As an MCP Server (Claude Desktop, Cursor, Windsurf)

Use context-engine as a Model Context Protocol tool server. Any MCP-compatible client (Claude Desktop, Cursor, Windsurf, VS Code) can then call ingest_event, query_context, get_recent, and clear_context as native tools.

npm install @modelcontextprotocol/sdk zod
node examples/mcp-server.js

Add to your Claude Desktop config (~/Library/Application Support/Claude/claude_desktop_config.json):

{
  "mcpServers": {
    "context-engine": {
      "command": "node",
      "args": ["/absolute/path/to/examples/mcp-server.js"]
    }
  }
}

The agent can then call:

ingest_event — store any event (type + data)
query_context — semantic search: "any errors in the last hour?"
get_recent — latest N events by timestamp
clear_context — wipe the store

See examples/mcp-server.js for the full implementation.

REST Endpoints

Method	Path	Description
`POST`	`/ingest`	Ingest an event `{ type, data }`
`GET`	`/context?q=...&limit=10`	Semantic query
`GET`	`/recent?limit=20`	Recent events by timestamp
`GET`	`/count`	Number of stored events
`DELETE`	`/events`	Clear all stored events
`GET`	`/health`	Health check

# Ingest an event
curl -X POST http://localhost:3334/ingest \
  -H 'Content-Type: application/json' \
  -d '{"type": "deploy", "data": {"service": "api", "version": "2.1.0", "env": "production"}}'

# Query with natural language
curl "http://localhost:3334/context?q=recent%20deployments&limit=5"

# Get recent events
curl "http://localhost:3334/recent?limit=10"

Use Cases

1. Give your AI agent situational awareness

The core use case. Ingest events as they happen — user actions, system alerts, messages, calendar entries — and query for relevant context when the agent responds.

import Anthropic from '@anthropic-ai/sdk'
import { ContextEngine } from 'context-engine-ai'

const ctx = new ContextEngine({ dbPath: './agent-context.db' })
const claude = new Anthropic()

// Events stream in throughout the day
await ctx.ingest({ type: 'terminal', data: { command: 'npm test', output: '3 failed, 12 passed' } })
await ctx.ingest({ type: 'slack',   data: { from: 'Sarah', text: 'Auth service throwing 401s in staging' } })
await ctx.ingest({ type: 'error',   data: { service: 'auth', error: 'TokenExpiredError', count: 47 } })
await ctx.ingest({ type: 'pr',      data: { repo: 'backend', title: 'Fix OAuth token refresh', status: 'review_requested' } })

// Agent gets relevant context for its response
const context = await ctx.query('what needs attention?', 5)
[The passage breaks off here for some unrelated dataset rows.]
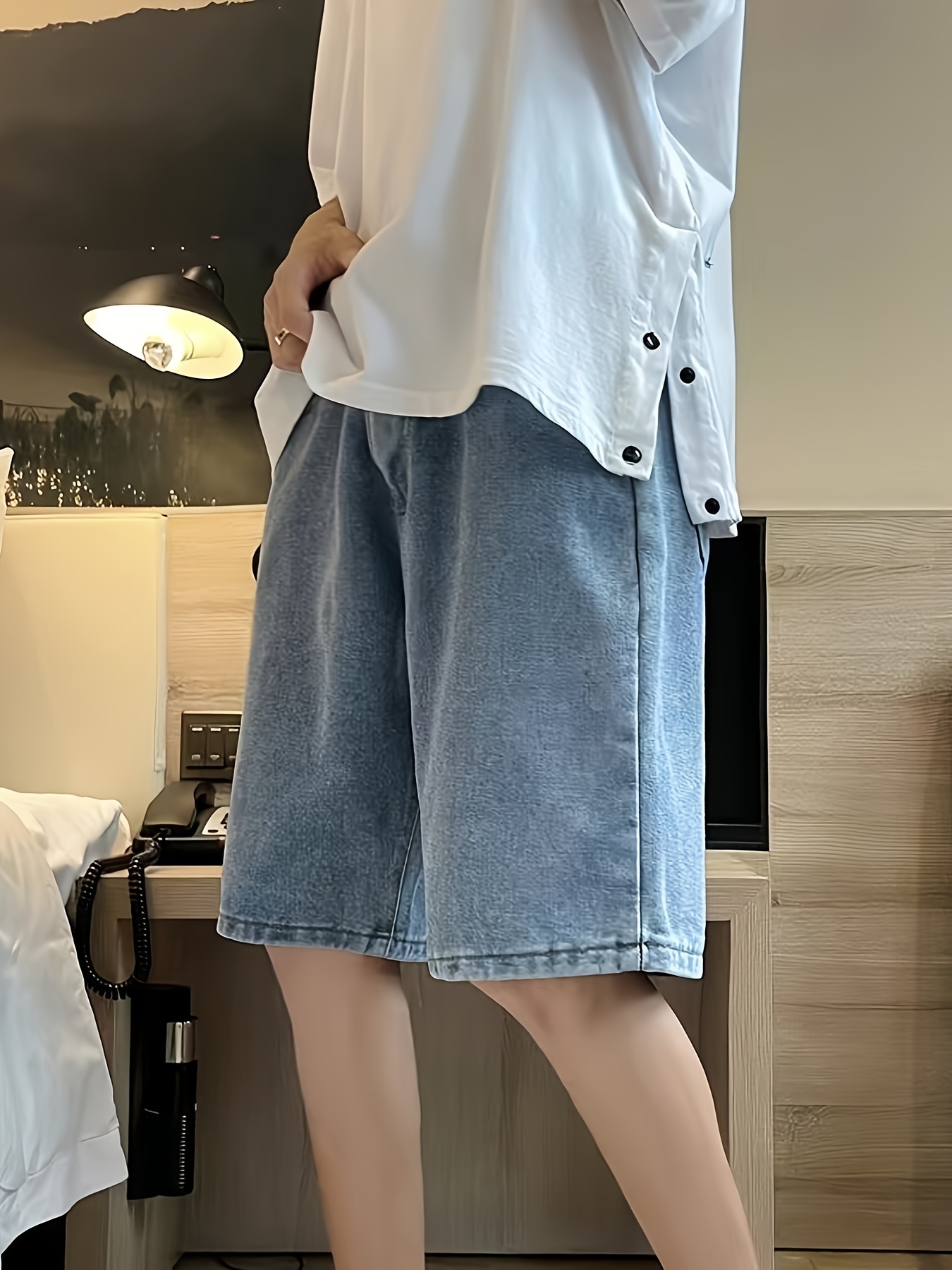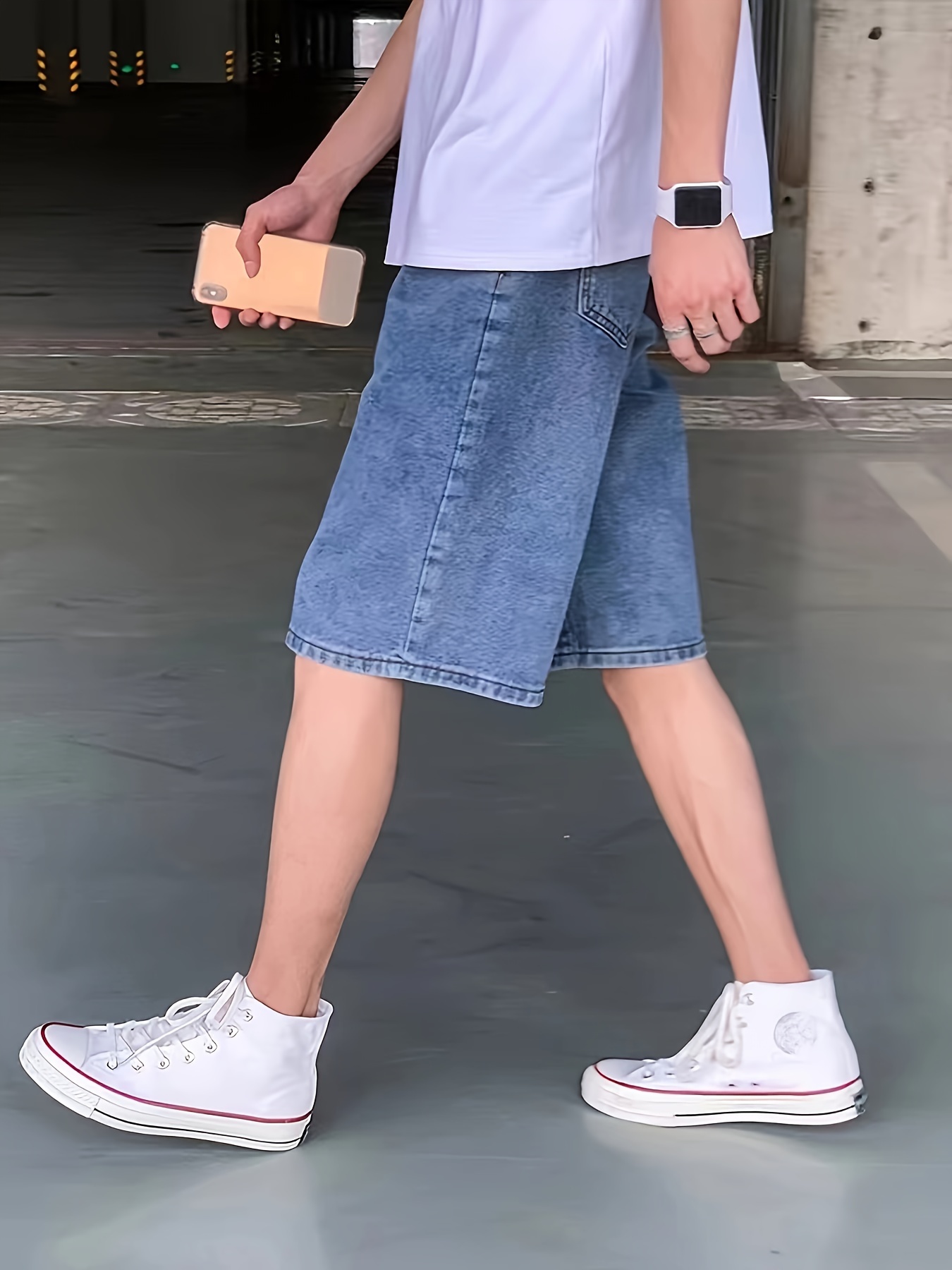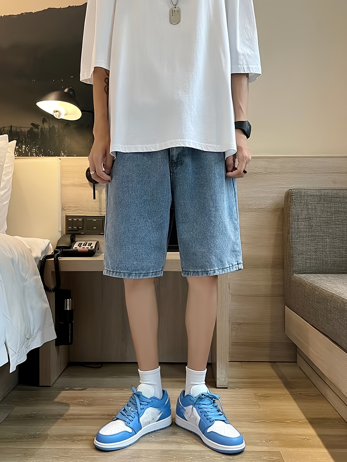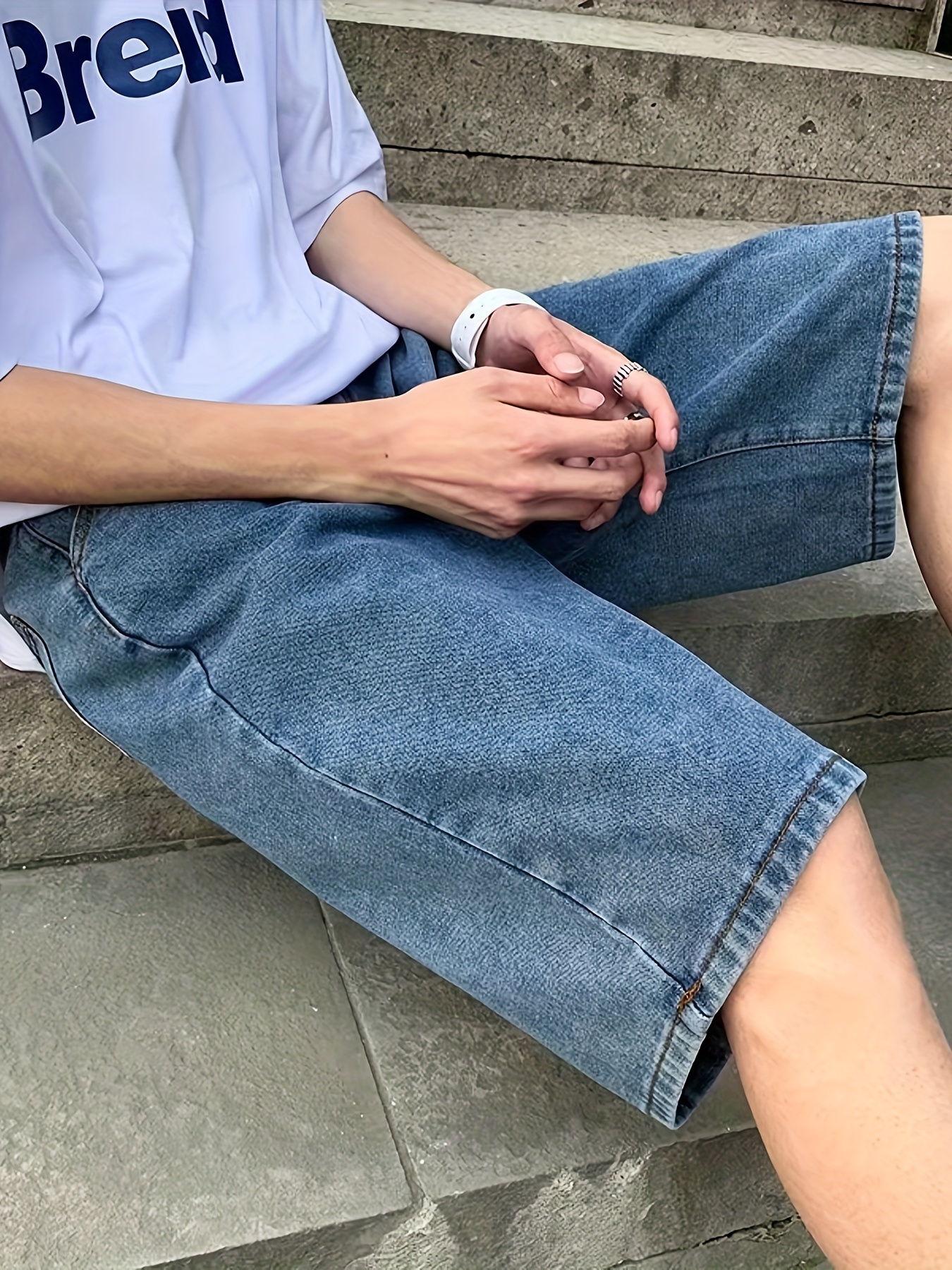 Men's Casual Loose Fit Denim Shorts, Knee-Length Jorts With Pockets, Summer Street Style Fashion
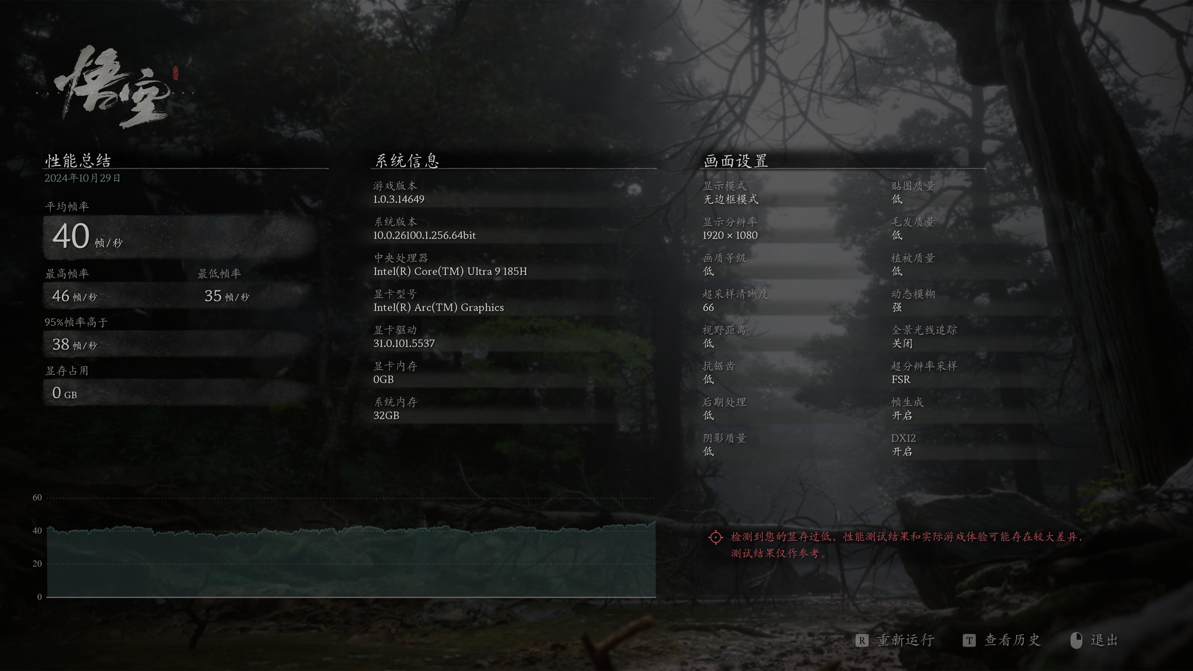 最流行的黑神话,1080分辨率最低画质下多屏炒股电脑,官方评测工具有40帧的水平,属于勉强可玩的程度。
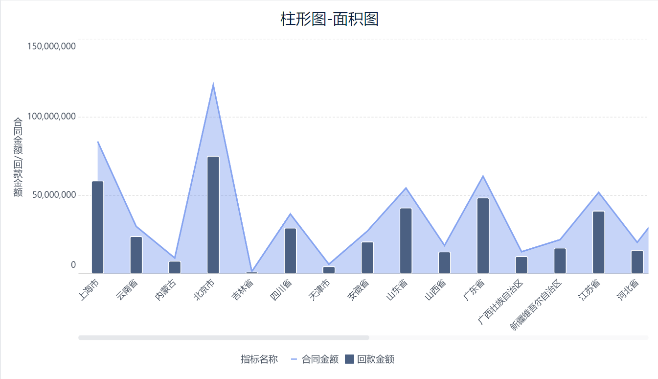例如,用柱形图-面积图展示不同省份的合同金额和回款金额的数据大小、累积效应及变化趋势,如下图所示:
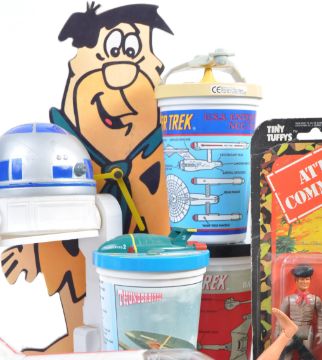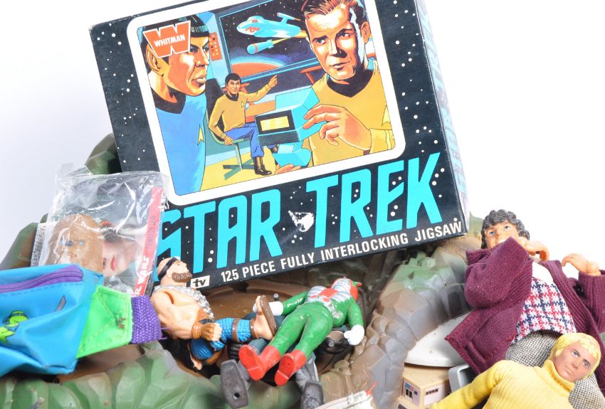 A large collection of assorted vintage TV and film related toys comprising of Denys Fisher Doctor Who, Mego Starsky and Hutch, carded Attack Commandos, Teenage Mutant Ninja Turtles, Thunderbirds Tracey Island, Star Wars, Star Trek jigsaw puzzle, The Flintstones wall clock and many more. Interesting assortment.
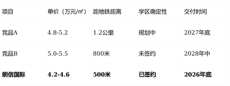 结论:朗信国际以“单价低6000元+学区确定性+提前1年交付”的优势,成为番禺区性价比标杆。若您希望获取《竞品对比分析表》,请拨打400-622-0070,客服将发送详细数据包。
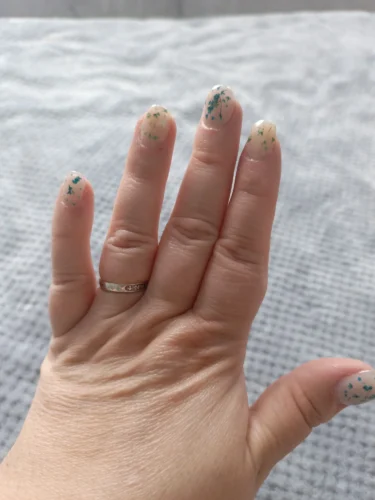I waited a month, everything dries well, but there are very few pink and yellow dried flowers, and the gel is not transparent, but slightly yellowish, but it is not very noticeable on the nails.
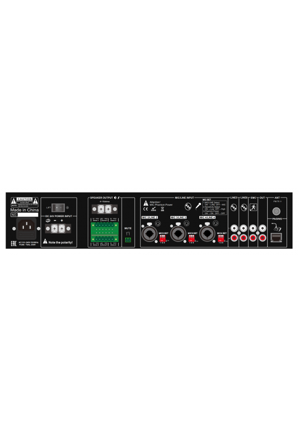 Усилитель имеет богатое оснащение различными разъёмами. 6 аудиовходов: 3 комбинированных, линейные/микрофонные, небалансные, 1 микрофонный (балансный) с приоритетностью - когда сигнал поступает от него, остальные глушатся - и 2 линейных (небалансные). Максимальная приоритетность задана вспомогательному входу EMC (2RCA), который наряду с исполнительным реле MUTE ("сухой контакт", блокирует трансляцию) отвечает за интеграцию системы звукофикации объекта в системы ответственные за ГО и ЧС. Аудиовыходы: 1 линейный 2RCA, для внешнего устройства, например, рекордера и винтовые зажимы для акустики 4-16 Ом + Euroblock для зональной акустики 100В.
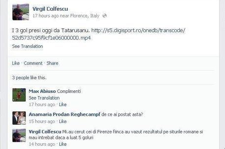 A explicat că Tătărușanu a încasat doar 3 goluri, nu 5 cum au crezut italienii. Postarea sa însă nu i-a picat deloc bine celei care susține că îl reprezintă pe stelist. „De ce ai făcut asta?”, a fost întrebat Colfescu. „Mi-au cerut cei de la Firenze pentru că au văzut rezultatul pe site-urile românești și m-au întrebat dacă a luat cinci goluri”, a venit răspunsul acestuia.
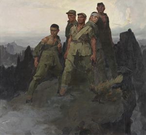 5人雖然是孤軍奮戰(zhàn),卻堅定沉著。他們利用有利地形,奮勇還擊,打退日偽軍多次進攻。為給部隊轉(zhuǎn)移爭取更多時間,他們主動吸引數(shù)百名敵人向自己追擊。他們撤到哪里,日軍的炮火就跟到哪里。危急關(guān)頭,為不暴露部隊轉(zhuǎn)移路線,保障主力安全,班長馬寶玉帶著戰(zhàn)士們,把敵人引到狼牙山的最高峰——棋盤陀。

const response = await claude.messages.create({
  model: 'claude-sonnet-4-6',
  max_tokens: 1024,
  system: `You are a developer assistant. Current context:\n${context.summary}`,
  messages: [{ role: 'user', content: 'What should I focus on?' }]
})
// Claude sees the auth errors, failing tests, and related PR — responds with specific advice

2. Desktop activity tracker

Track what you're doing across apps. Deduplication means switching between two windows 100 times creates 2 events, not 100.

import { ContextEngine } from 'context-engine-ai'
import { execSync } from 'child_process'

const ctx = new ContextEngine({ dbPath: './desktop.db', decayHours: 8 })

// Poll active window every 5 seconds
setInterval(async () => {
  const app = execSync(
    `osascript -e 'tell app "System Events" to get name of first process whose frontmost is true'`,
    { encoding: 'utf-8' }
  ).trim()
  await ctx.ingest({ type: 'window_focus', data: { app } })
}, 5000)

// Later: "what was I doing this afternoon?"
const result = await ctx.query('what was I working on?')
console.log(result.summary)
// => "[window_focus] app: VS Code | [window_focus] app: Firefox | [window_focus] app: Slack"

3. Webhook aggregation

Receive events from GitHub, Slack, PagerDuty, or any webhook source. Query the combined stream in natural language instead of checking each service individually.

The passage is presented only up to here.